Four Christmas myths Christians need to stop believing

Bryant Golden Blog

Christmas is a wonderful time of the year to celebrate the birth of Jesus and time with your friends and family. However, there are many myths about Christmas that get in the way of some Christians’ abilities to enjoy the season to its fullest.

1. December 25 is Jesus’ birthday

Let’s just get this one out of the way because it’s a big problem for many Christians. We do not know when Jesus’ birthday was. There is no evidence suggesting Jesus was born on December 25. And before you get into the argument of tracing it back from the time of His crucifixion on Easter, we don’t really know when that was either. The truth is, all these events took place a long time ago before the advent of the Gregorian calendar that we use today. Nowhere in Scripture does it specify the date of these events — and guess what, it doesn’t matter.

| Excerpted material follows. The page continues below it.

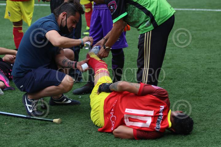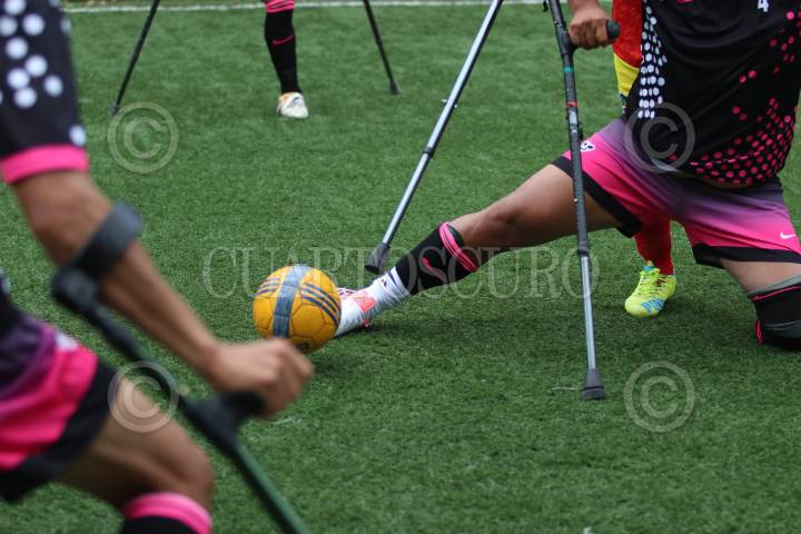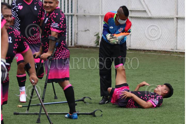 El jugador Hugo del equipo de "Chapulines" recibió agua en la exteemidad de su pierna amputada duurante una caída en el partido disputado con el equipo "Pumas Reto"

What matters is the spirit behind taking the time to observe these dates and honor Jesus. Don’t get caught up in pointless arguments that December 25 is literally Jesus’ birthday. It doesn’t help anyone out, especially those who are curious about Jesus but don’t have a relationship with Him.

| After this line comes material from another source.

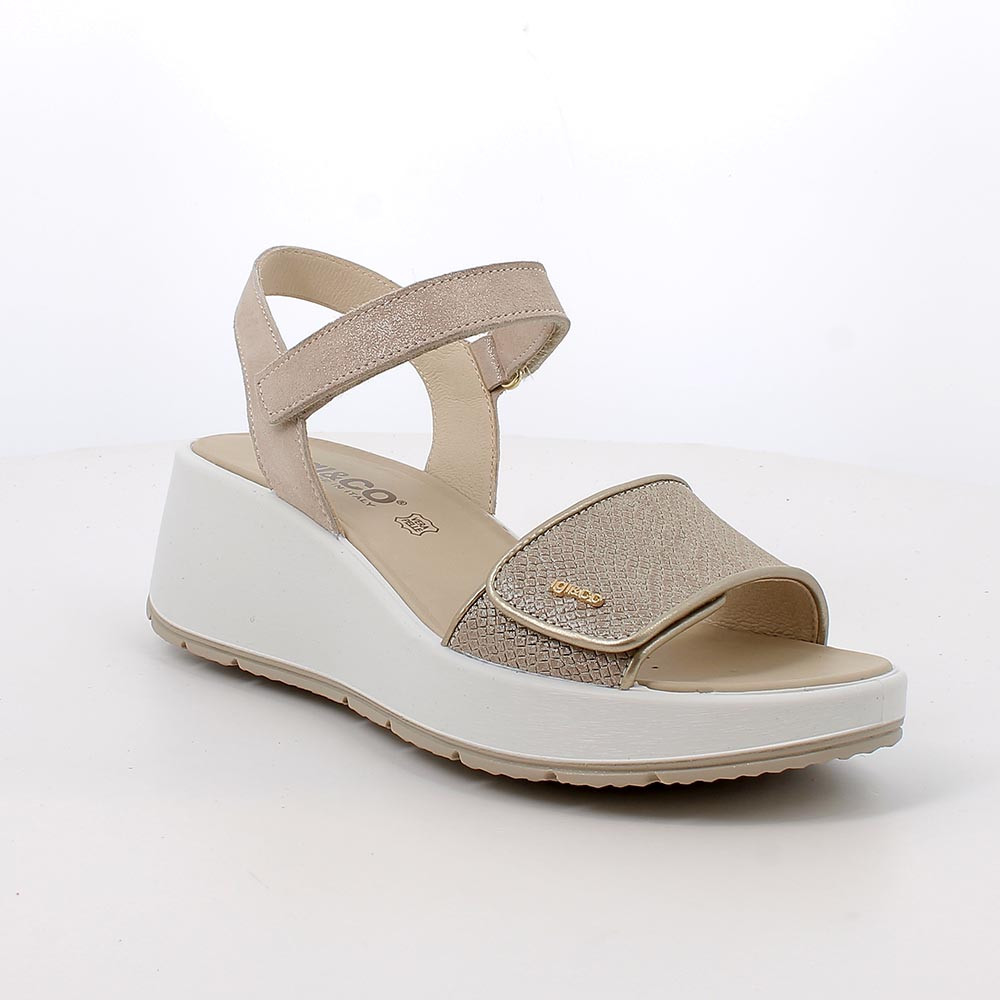SANDALS WITH WEDGE FOR WOMAN PLATINUM WITH VELCRO

2. The Bible says there were three wise men

The wise men who came to visit Jesus on the night of His birth brought Him three gifts. Because they brought three gifts, many of us make the connection that there were three wise men. While this may have been the case, there could have actually been more or even just two. Again, this isn’t something that really matters, but it’s good to be open minded and consider that the Nativity scene may not look exactly as you pictured. Speaking of which …

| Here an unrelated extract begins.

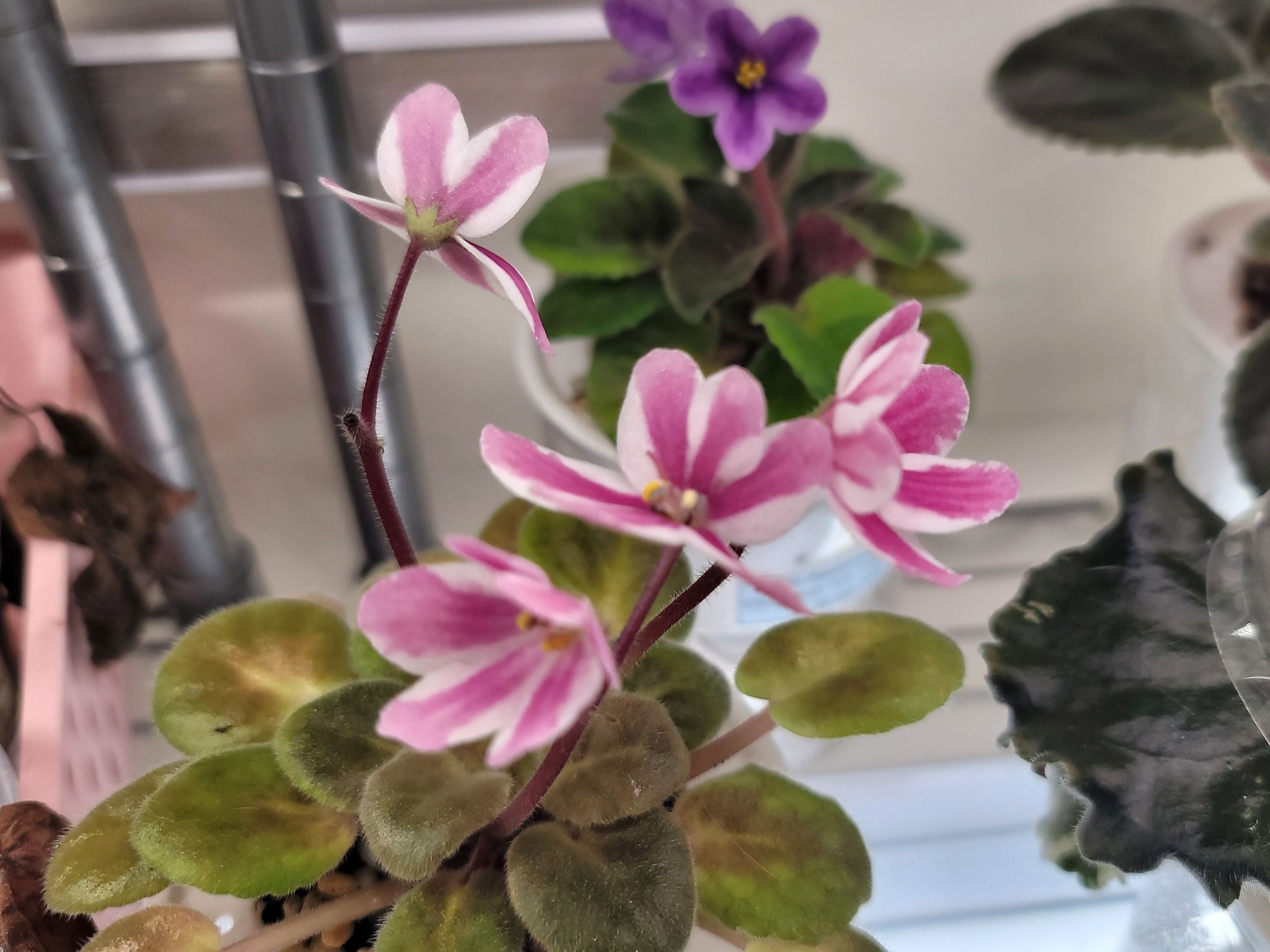 半重瓣堇形俄系縞花,白色底粉紅內縞。 中綠色亮色葉,葉脈向上氣狀突起。標準型。(資料來自Lyndon Lyon網站英文描述翻譯之)

3. Jesus was born in a stable

Luke 2:6-7 (MSG) reads: “While they were there, the time came for her to give birth. She gave birth to a son, her firstborn. She wrapped him in a blanket and laid him in a manger, because there was no room in the hostel.”

A manger is a trough for feeding animals, but it was not necessarily in a stable. In that time, mangers were often kept inside households or on the ground level of gathering places, such as inns. This may explain what has boggled the minds of most moral people for centuries: How could anyone let someone place their baby in a trough in a stable outside after it has been born?

While a manger inside of a home or gathering place is nothing glamorous, it’s better than being outside. Regardless of how you interpret where the manger was located, the point still remains the same: Jesus, the new King and Savior of mankind, was born in the humblest of origins, not in a palace and placed on a bed of gold.

4. Saying “Happy Holidays” is war on Christmas

Before you go out and get mad at your local coffee shop for not putting “Merry Christmas” on its cups, take a moment to remember what this season means to other people. Christians have marked December 25 as the date for celebrating the birth of Jesus. This has been a large part of American tradition for years, but the truth is, this season means a lot to many different people.

For Jewish people, it is the season of Hanukkah. For those of African heritage, it is the season of Kwanzaa. For some, it’s the season of Yuletide. For some, it’s simply time to recognize the upcoming new year and the changes a new season and period of life bring. 

Christians should be the ones who respect these traditions and bring people together for peace, love and joy during this season. We shouldn’t be waging a war over coffee cups or who says what. Frankly, it goes against Jesus’ greatest commandment to love God and love your neighbor as yourself. Is a phrase really more important than that? We don’t think so.